Но, между прочим, наипаче хорю Оглоблину я прическу сделаю. Вторично заявляю: наираненько еще дураков подсчитывать.
Наиглубочайшеуважаемый Егорий Ксенофонович, как можно скорее подберите мне партию собольков и наибыстрейше телеграфируй мне. Я приеду немедленнейше и привезу тебе наиотменнейший подарок.
Нижайше кланяемся вам, наиглубочайшеуважаемый Егорий Ксенофонович, и желаем вместе с супругой тебе успеха в делах рук ваших.

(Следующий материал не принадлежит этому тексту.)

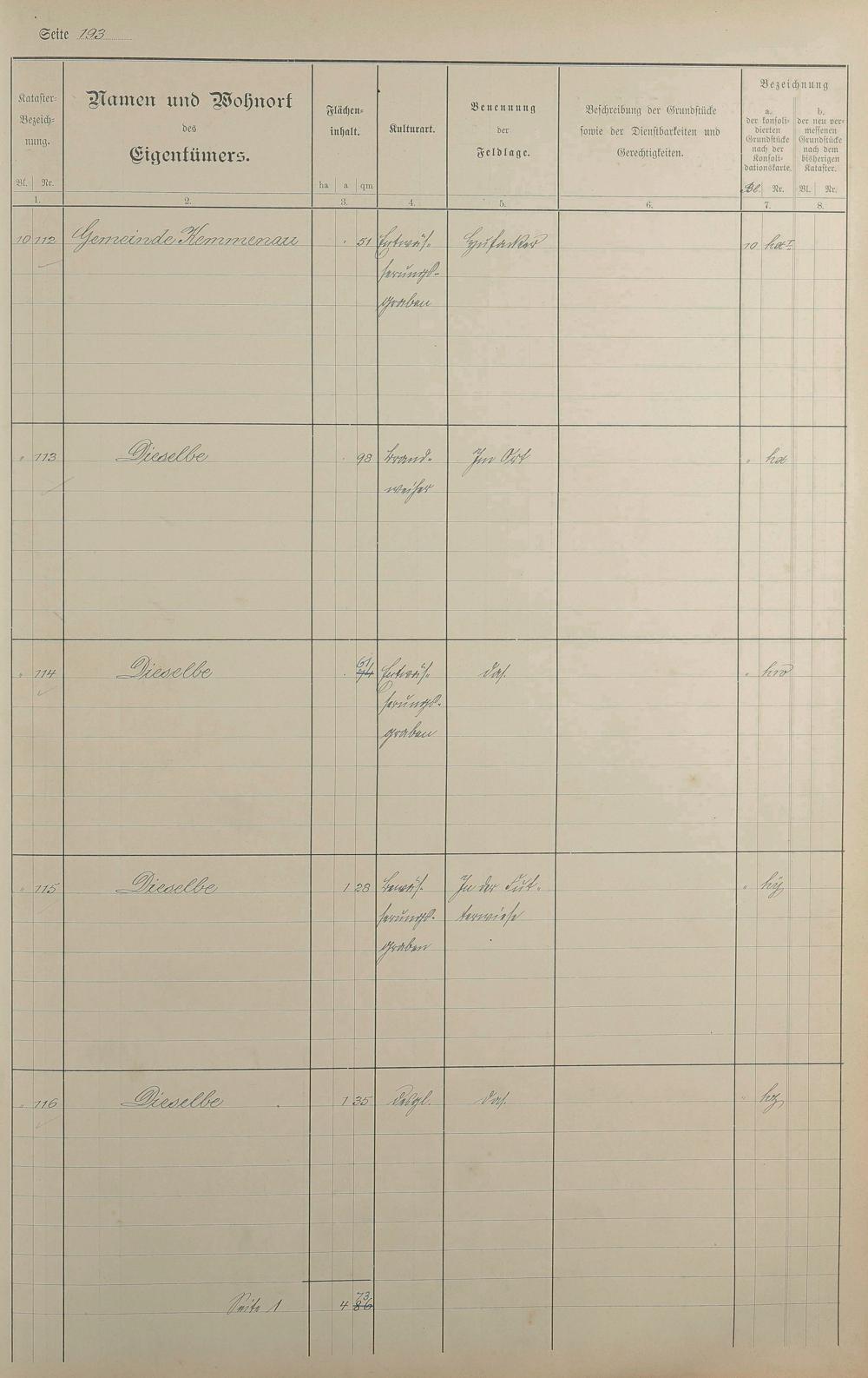 1: Lagerbuch der konsolidierten Gemarkung Kemmenau von dem Königlichen Kommissar...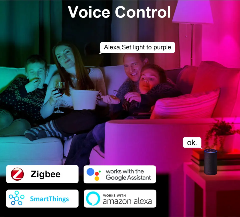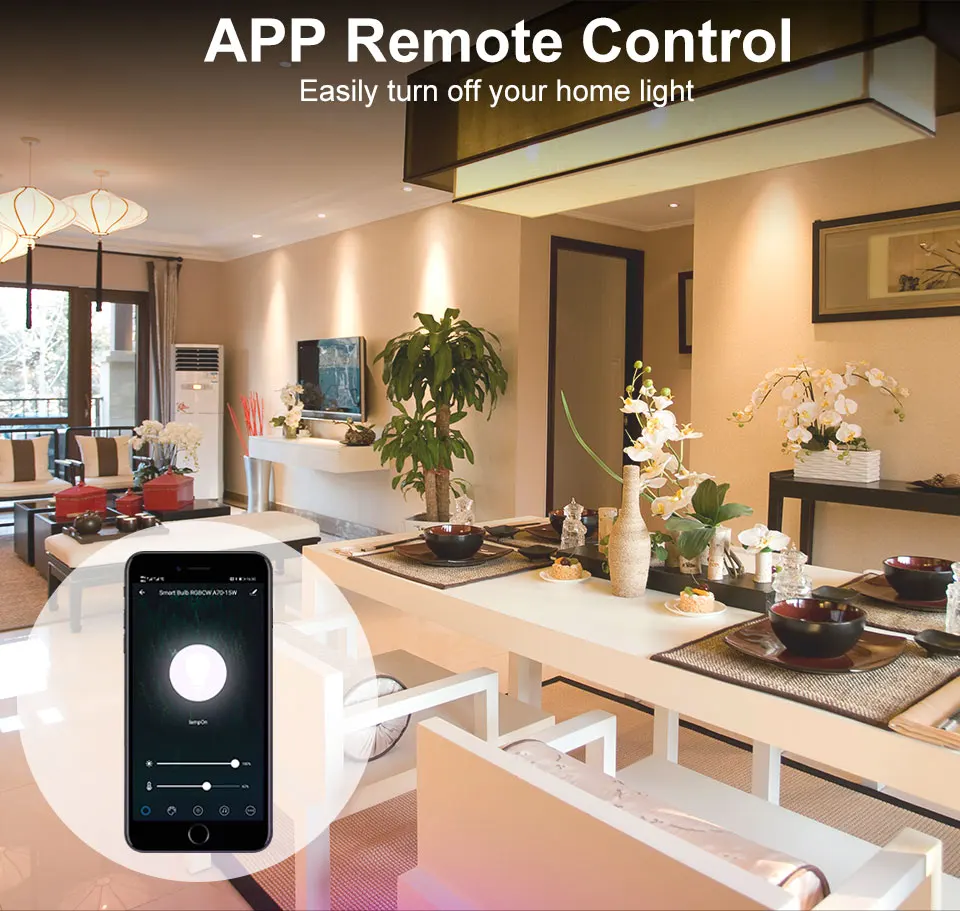 Пульт дистанционного управления:Включение/выключение Siri ,Alexa, google home включило умную лампу, независимо от того, находитесь ли вы дома или далеко. Вам просто нужно загрузить приложение «Умная жизнь». Вы можете создать группу для всех ваших умных ламп и управлять ими с помощью только одной команды.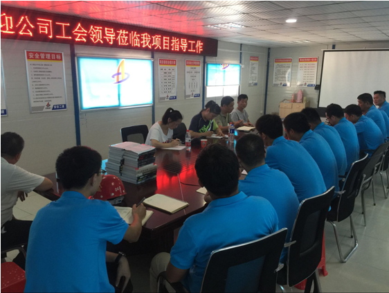 李主席一行到達施工現(xiàn)場,參觀了工地,仔細詢問了項目概況以及目前施工進度、質(zhì)量、安全等方面情況,聽取了項目工會主席創(chuàng)建“工人先鋒號”匯報,對項目班子以“一流工作、一流服務(wù)、一流業(yè)績、一流團隊”為目標的創(chuàng)建活動給予了肯定,鼓勵項目部繼續(xù)完善,爭創(chuàng)集團“工人先鋒號”工程。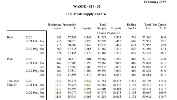 Mais revenons plus spécifiquement au porc. Le USDA la semaine dernière a ajusté à la baisse la production pour 2021 et 2022. On parle d’une baisse de 20 millions de livres entre le rapport de janvier et celui de février (100 000 cochons de moins) pour 2021. Alors que pour 2022, la baisse est de 135 millions de livres ce qui représente près de 675 000 cochons. Quand on ramène ca sur le plancher des vaches, on parle de 1 ½ journée d’abattage en moins. Par contre, tout n’est pas que positif dans ce monde puisque le USDA diminue aussi les exportations 190 millions de livres. Au final, les inventaires de viandes demeurent les mêmes en sol américain. Il semble bien que ce sont les consommateurs américains qui auront le dernier mot puisque c’est principalement sur eux que reposera la demande pour les prochains mois. C’est leur portefeuille qui dictera le prix de la découpe et le profit des abattoirs qui voudront augmenter, ou non, le prix au comptant pour attirer le plus possible de porcs dans leurs installations.

Наипокорнейший слуга вашАлексей Васильевич Волжинс супругой Парасковьей Степановной».
Ночью сегодня исчез китаец. За ним поручено было следить Артемию. Я подзываю Артемия и спрашиваю:
– Где он?
Артемий покорно отвечает:
– Я прямо скажу, казни с любого боку меня. С полночи хватившись китайца, он неподвижно просидел на земле. Лицо у него совершенно серое, с каким-то мучнистым налетом. Взгляд устойчивый, неподвижный. Кажется, что зрачки его глаз подернулись тончайшей стеклянной оболочкой, они уже потусторонние: Артемий хорошо знает, что ожидает его. Он приготовил себя к смерти.
– Где он? – спрашиваю я снова.
Артемий поднимает голову, несколько мгновений смотрит вдаль, потом веки его медленно смыкаются. Он молчит.
Подходит Андрей-Фиалка. Видимо, он по моему какому-то незаметному для меня самого движению или жесту угадывает мое решение.
Артемий, почувствовав Андрея-Фиалку рядом с собой, едва заметно вздрагивает и еще крепче жмурит глаза. Он похож на мужика, заживо распятого на кресте.
Люди тесно окружили нас и ждут конца. Они затаили дыхание. Я чувствую, что Артемий для них сейчас – кто-то чужой, далекий, но вместе с тем каждый из людей испытывает долю его томления и находит в нем частицу своего.
В его муке – страдания их всех, их приговор.
Сейчас нельзя трогать Артемия. Укрощенного зверя надо ласкать тогда, когда злоба его достигла предела и уж капля может вызвать в нем бешенство. Но и уступить ему нельзя – в другой раз бешенство придет значительно раньше.
Я знаю желание моих людей, но никто из них не знает, по каким причинам можно простить Артемия. Каждый из них хочет простить Артемию, но простить так, без какой-то неопровержимой причины, никто из них не согласится.
Я говорю:
– Артемий нужен отряду.
Люди дышат еще тише, но легче и ровнее. Потом общим хором гудят:
– Необходим… Артемий необходим… Не обойтись…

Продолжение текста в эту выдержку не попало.